Apart from the pictures, print the data below exactly as given.
(Beginning of Data section)
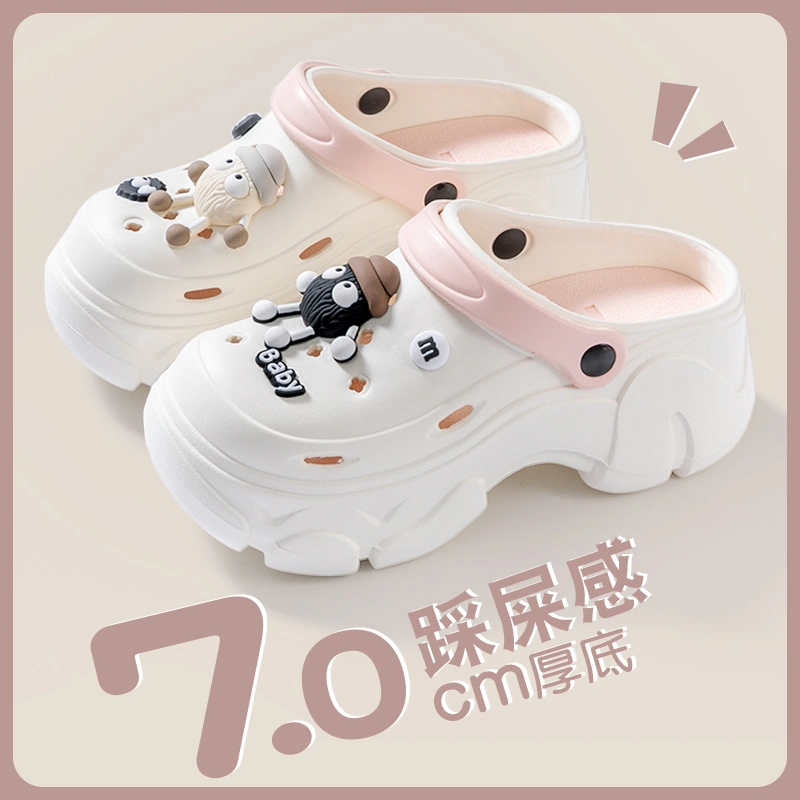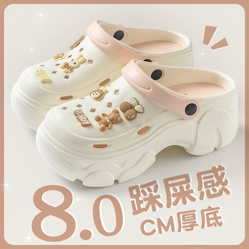 Briquette Croc Shoes Women's Summer 2025 New Platform Thick Sole soft sole Sandals Increased Anti-Slip Baotou Slippers
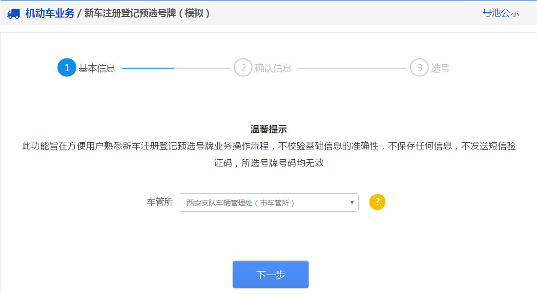 用户首次进入该功能,系统将显示预选号牌服务说明页面,点击页面中的【提交信息】按钮,进入第一阶段【基本信息】步骤。用户应当选择本人或本单位办理新车注册登记业务的车管所,如下图所示。
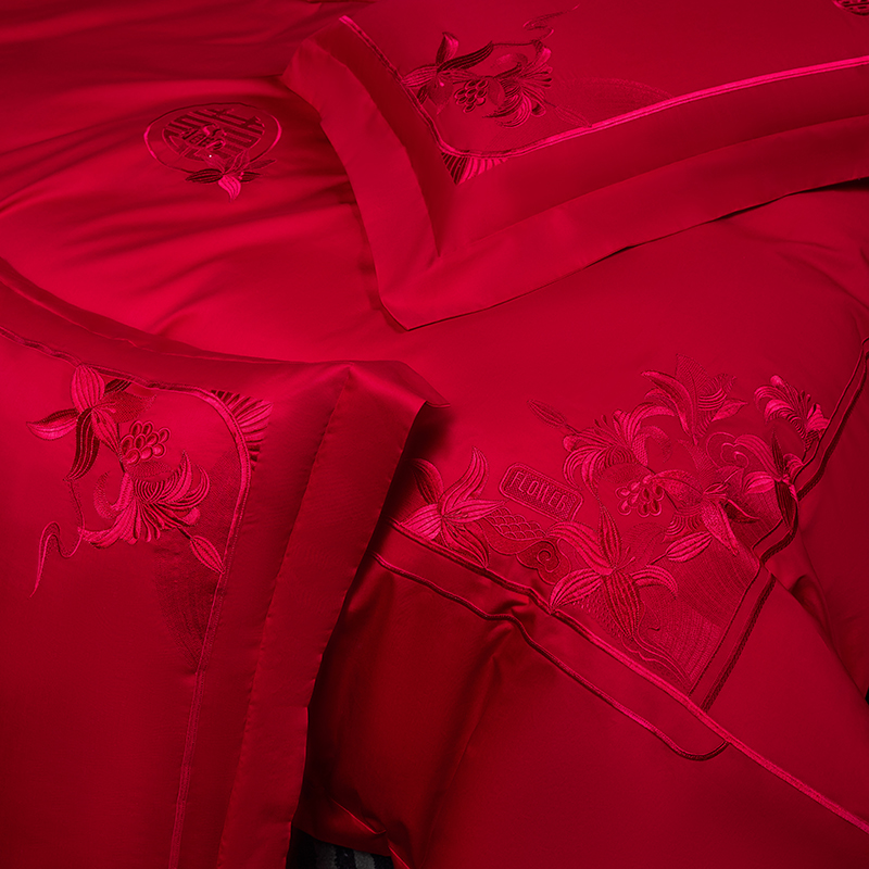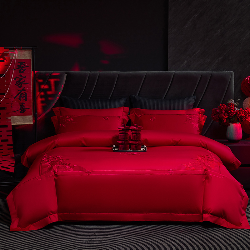 商品名称:洽想家 2025新款纯棉贡缎刺绣婚庆系列四件套 婚庆-百子图
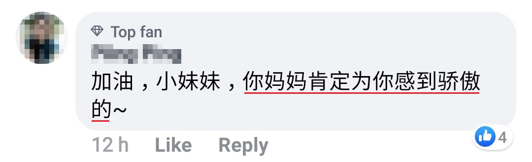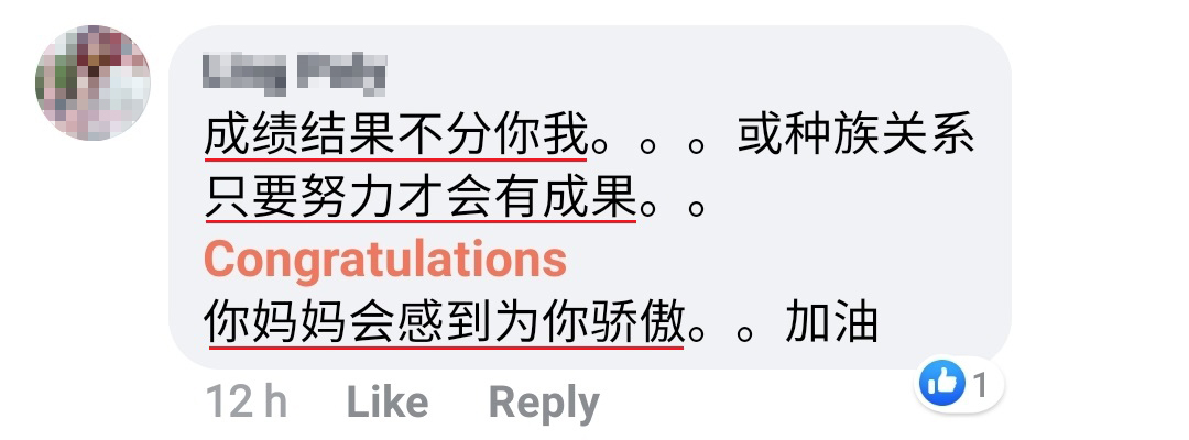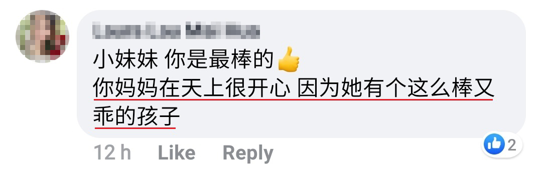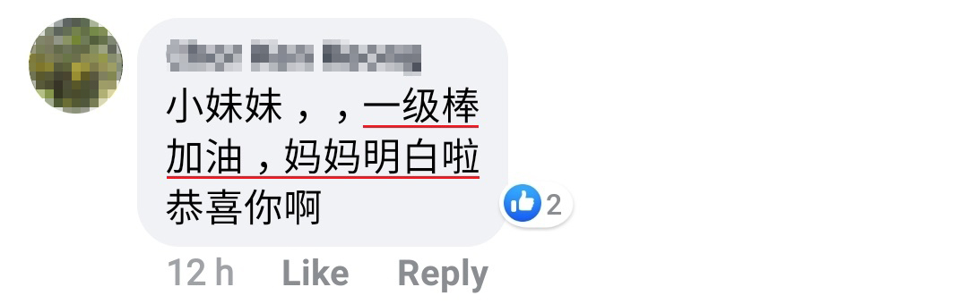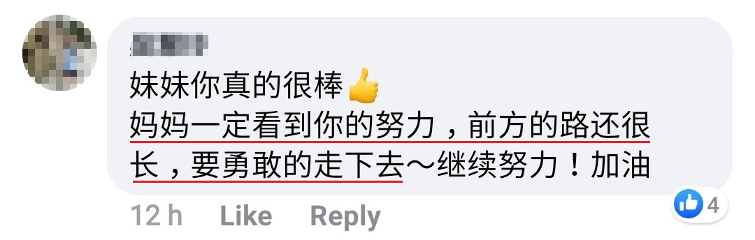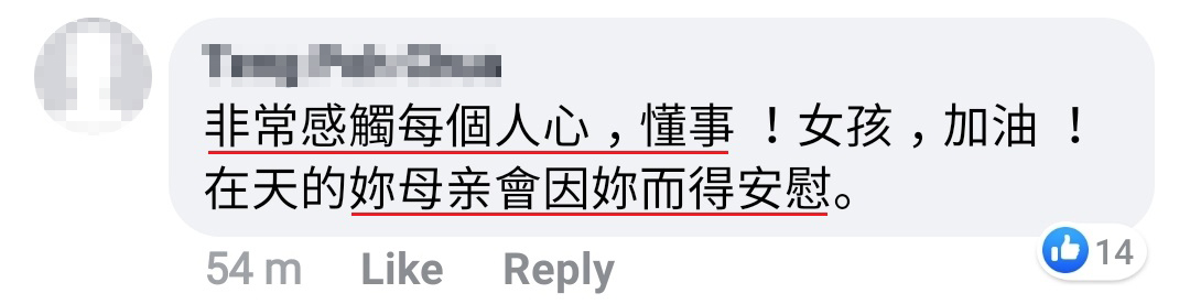 女孩的外婆在面子书 PO文写道:「恭喜妳,外婆的宝贝!在外婆的身边,妳依然很优秀!妳要走的路还很遥远,不管妈妈有没有在妳的身边,这一刻她都因妳而感到骄傲!妳是一个乖巧又坚强的孩子,继续努力!外婆相信妳终有一天会成功的!」
(End of Data section)
Task output:
 Briquette Croc Shoes Women's Summer 2025 New Platform Thick Sole soft sole Sandals Increased Anti-Slip Baotou Slippers
 用户首次进入该功能,系统将显示预选号牌服务说明页面,点击页面中的【提交信息】按钮,进入第一阶段【基本信息】步骤。用户应当选择本人或本单位办理新车注册登记业务的车管所,如下图所示。
 商品名称:洽想家 2025新款纯棉贡缎刺绣婚庆系列四件套 婚庆-百子图
 女孩的外婆在面子书 PO文写道:「恭喜妳,外婆的宝贝!在外婆的身边,妳依然很优秀!妳要走的路还很遥远,不管妈妈有没有在妳的身边,这一刻她都因妳而感到骄傲!妳是一个乖巧又坚强的孩子,继续努力!外婆相信妳终有一天会成功的!」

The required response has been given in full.